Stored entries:
┌──

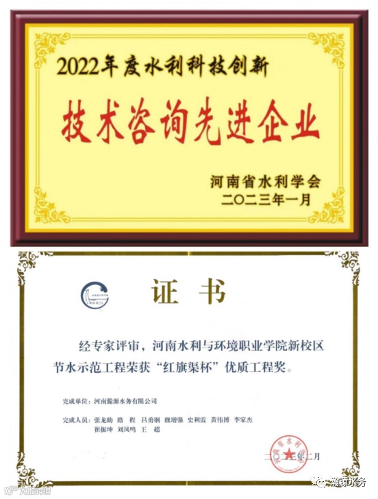 会上颁发了河南省水利学会工作先进集体奖、水利科技创新先进企业奖、水利建设“红旗渠杯”优质工程奖。我司荣获“技术咨询先进企业”荣誉称号、建设施工的“河南水利与环境职业学院新校区节水示范工程”荣获“红旗渠杯”优质工程奖。
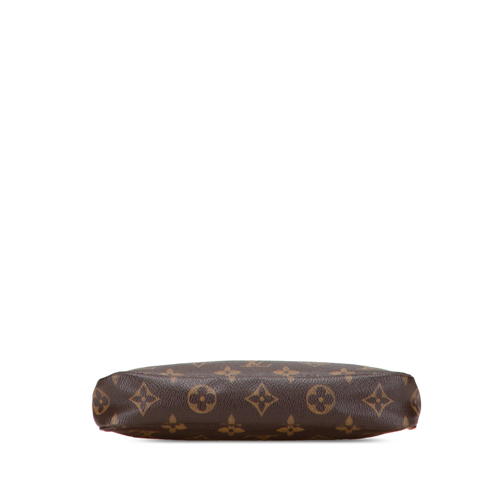 Product Details: Brown Louis Vuitton Monogram Pochette Accessoires Shoulder Bag. The Pochette Accessoires features a monogram canvas body, a flat vachetta leather handle, and a top zip closure. 4.9" L x 8.3" W x 1.4" D. Serial number CA1077.
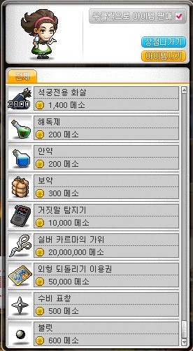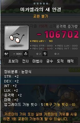 올스텟 3% 미카엘라의 새 안경을 하루만에 6500만 메소에 판매하였다.
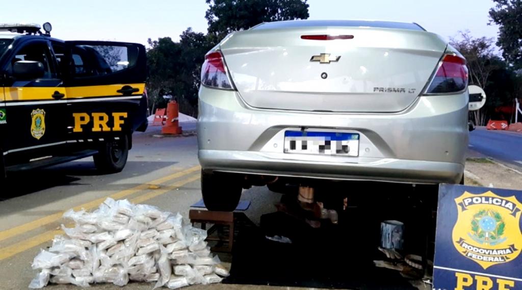 Na tarde de domingo (28), a Polícia Rodoviária Federal (PRF), apreendeu aproximadamente 24,3 kg de substância análoga à maconha e 360g substância análoga à haxixe (entorpecente extraído da mesma folha da maconha, porém mais concentrado), que estavam escondidos no veículo.
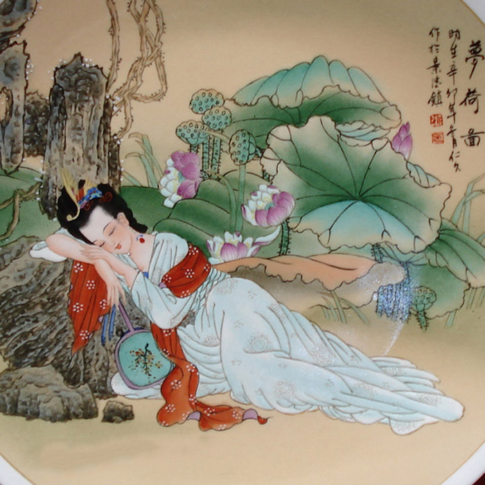 Jingdezhen hand painted pastel beauty figure ceramic plate ornament
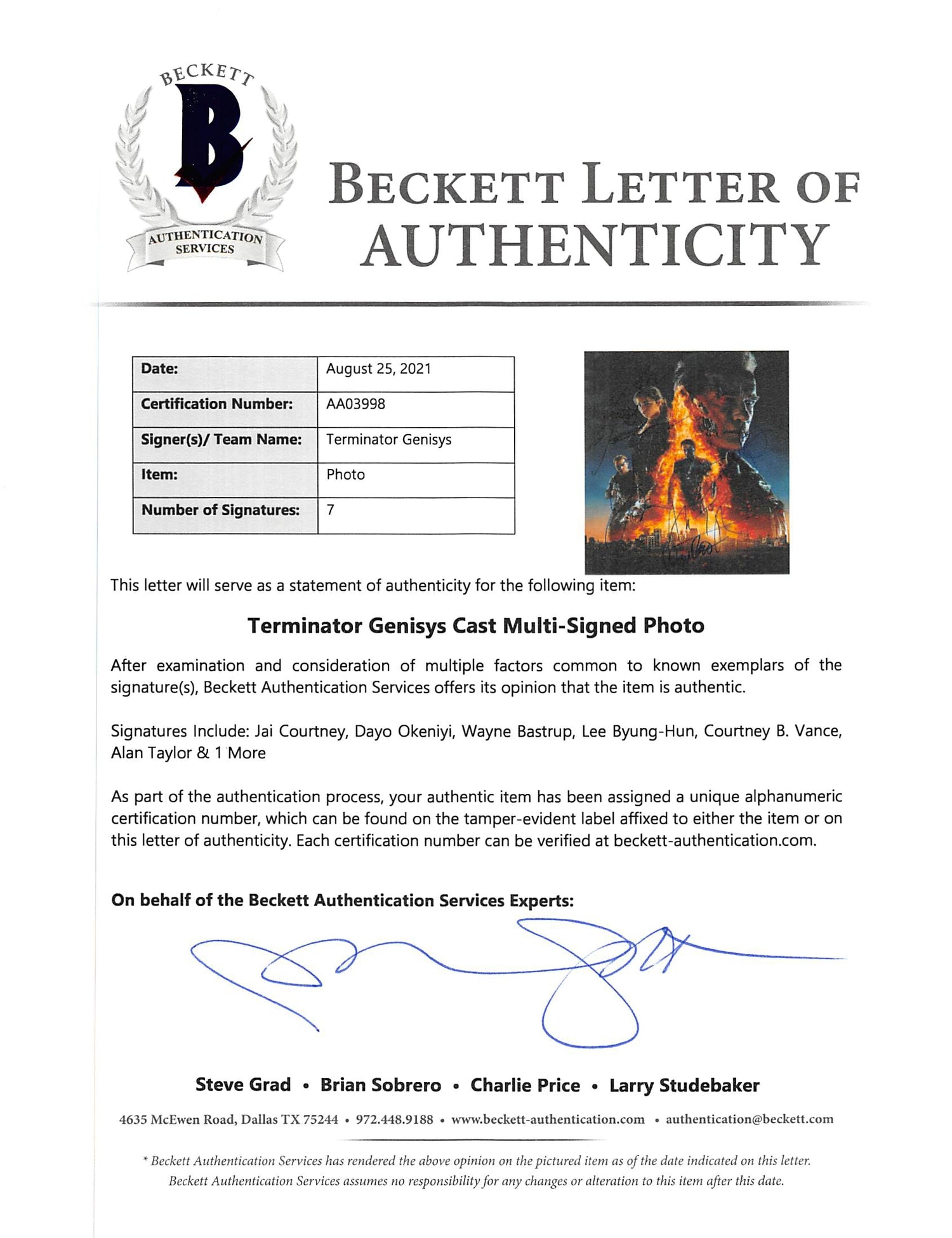 Terminator Genisys (7) Courtney, Okeniyi, Bastup Signed 11x14 Photo BAS #AA03998 is backordered and will ship as soon as it is back in stock.
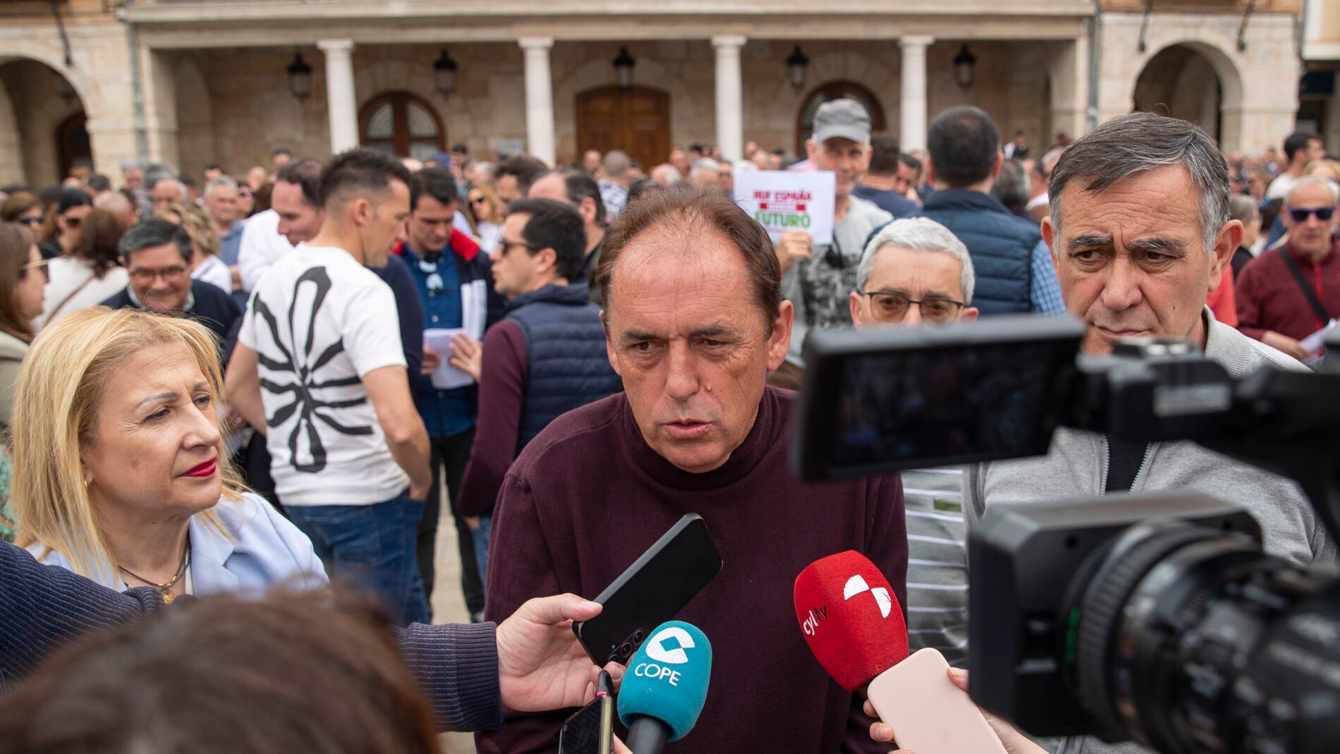 Cientos de personas protestan contra los despidos y el ERTE de la empresa Huf en El Burgo de Osma (Soria)
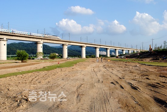 ▲ 갑천변에 위치한 파크골프장 공사현장
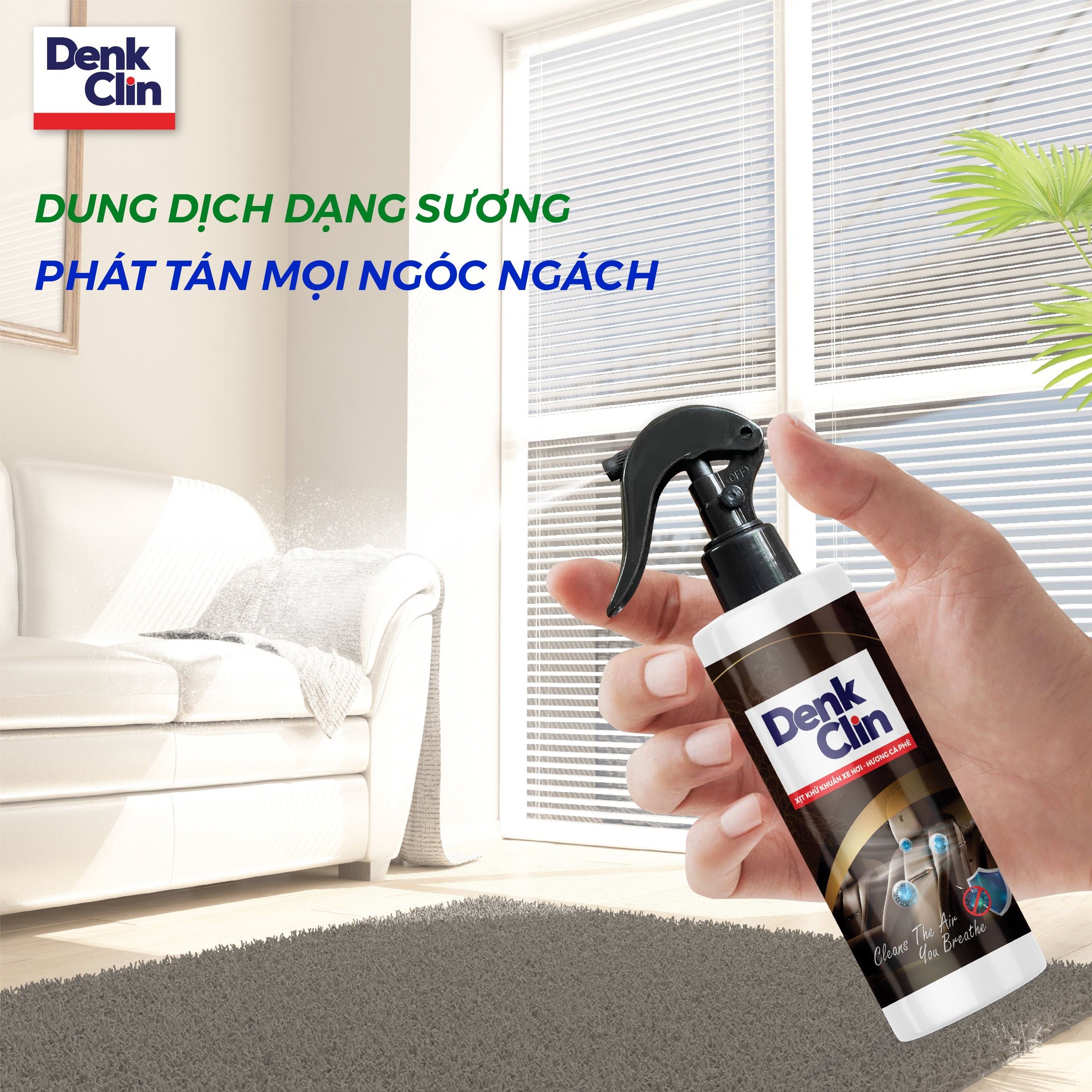 – Khác biệt với các sản phẩm thông thường chỉ che giấu mùi. Xịt khử khuẩn Denk Clin loại bỏ 90% mùi nấm mốc, mùi hôi, khói thuốc cải thiện ô nhiễm không khí, làm sạch và khử trùng không khí cho không gian: xe hơi, văn phòng, phòng tắm, nhà bếp v.v…không gây kích ứng, an toàn cho sức khỏe.
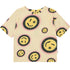 The coolest light yellow t-shirt with an all over print of smiley faces with a star in one eye. Fetures a rounded neck and boxy cut.
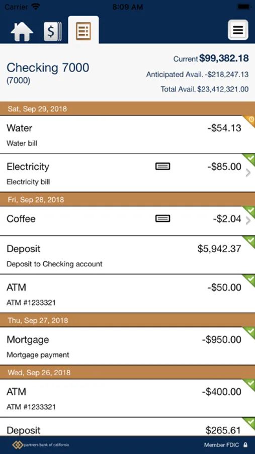 The Partners Bank of California Business Banking Mobile app lets you conveniently and securely bring your banking with you on your iPhone. You get the functionality and convenience of Partners Bank Business Online Banking – plus you can make deposits, right from your Apple device.
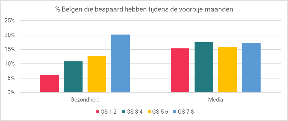 Als we inzoomen op profielen, blijkt logischerwijze dat de hoogste sociale groepen (1 en 2) over het algemeen minder getroffen worden door de crisis. Een analyse op sectorniveau toont niettemin dat de verschillen tussen sociale groepen sterk afhangen van de sector: in de laagste sociale groepen wordt beduidend meer bezuinigd op gezondheidszorg (zie hieronder) of verzekeringen. Besparingen op media zijn veel ‘neutraler’ in termen van sociale groepen (zie hieronder).
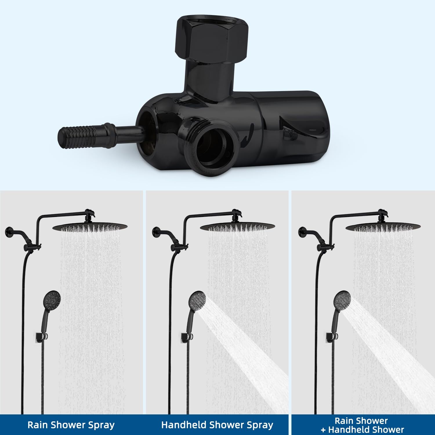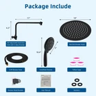 【Outstanding Shower Head Combo】This shower head with handheld includes a 10-inch large round shower head, a 12" adjustable shower arm, a 3-way Diverter, 7 sprays handheld showerhead, a 71" shower hose, and a Shower head bracket. 【10" Round Rainfall Shower Head】 This overhead showerhead with a large shower area and water-saving settings for a luxury waterfall shower experience. Ultra-thin design with air-in technology, 156 self-clean silicone nozzles, and 360-degree adjustable connectors, to meet your family's height and comfort requirements. 【Upgraded 12 Inch Extension Arm & 3-Way Diverter】Right-angle shape design shower arm makes sure your shower head never hits the shower arm when adjusting the height up or down. Made of all metal for maximum strength, durability, and corrosion resistance. Connected with 3-way diverter for no leakage and wobble. 【7 Setting Handheld Showerhead】The 5-inch shower head has 7 spray modes and is durable and drop resistant. Easy to clean. Ideal for relaxing spa treatments, bathing children, cleaning pets, and flushing cleaning applications. 【Quick & Easy Install】No plumbers professional required. Unique leakproof structure rain shower head with handheld spray, advanced black finish, smooth and elegant. Bathroom must-haves.
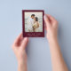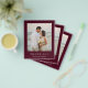 Classic style budget wedding thank you card flyer featuring a simple yet elegant design in a deep burgundy color that is perfect for a fall wedding or a winter / Christmas wedding. Use the template to easily add your favorite photo.
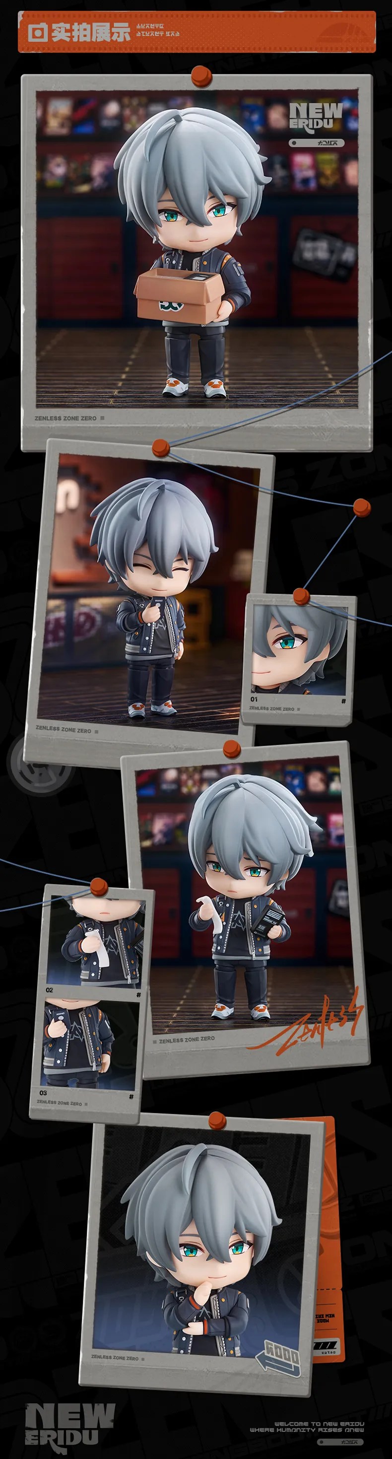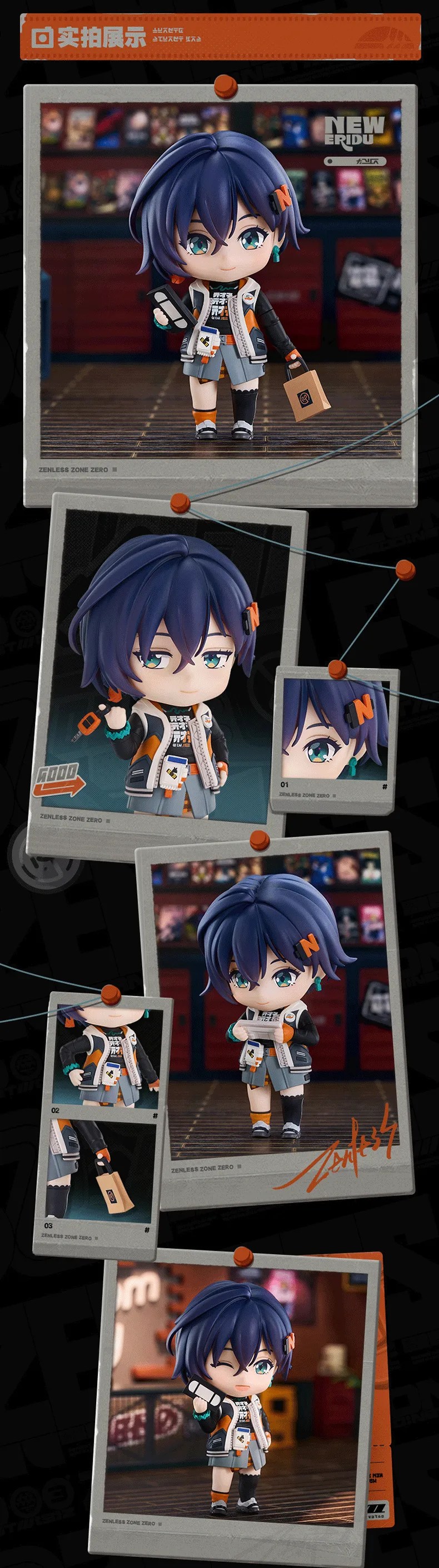 The official MiHoYo Gift site featured some infographics with additional images highlighting the face plates, accessories, and possible poses Belle and Wise Zenless Zone Zero Nendoroids. In addition to the first face plate Good Smile Company shared, he’ll have one where he’s smiling with both eyes closed and a sad expression. His accessories include a VHS tape, a tape box, a receipt, and a cardboard box filled with tapes. Belle features her winking expression, as well as smiling and sly ones. Her other accessories include the VHS tape we saw in the other photo, the key for the siblings’ van, a paper bag, and a handheld gaming console.

└──

== Instructions for the task ==
Would you copy, word for word, only the lines above from the one containing "The coolest light" through the one containing "The Partners Bank", both included, and please leave out the pictures?

== Task output ==
 The coolest light yellow t-shirt with an all over print of smiley faces with a star in one eye. Fetures a rounded neck and boxy cut.
 The Partners Bank of California Business Banking Mobile app lets you conveniently and securely bring your banking with you on your iPhone. You get the functionality and convenience of Partners Bank Business Online Banking – plus you can make deposits, right from your Apple device.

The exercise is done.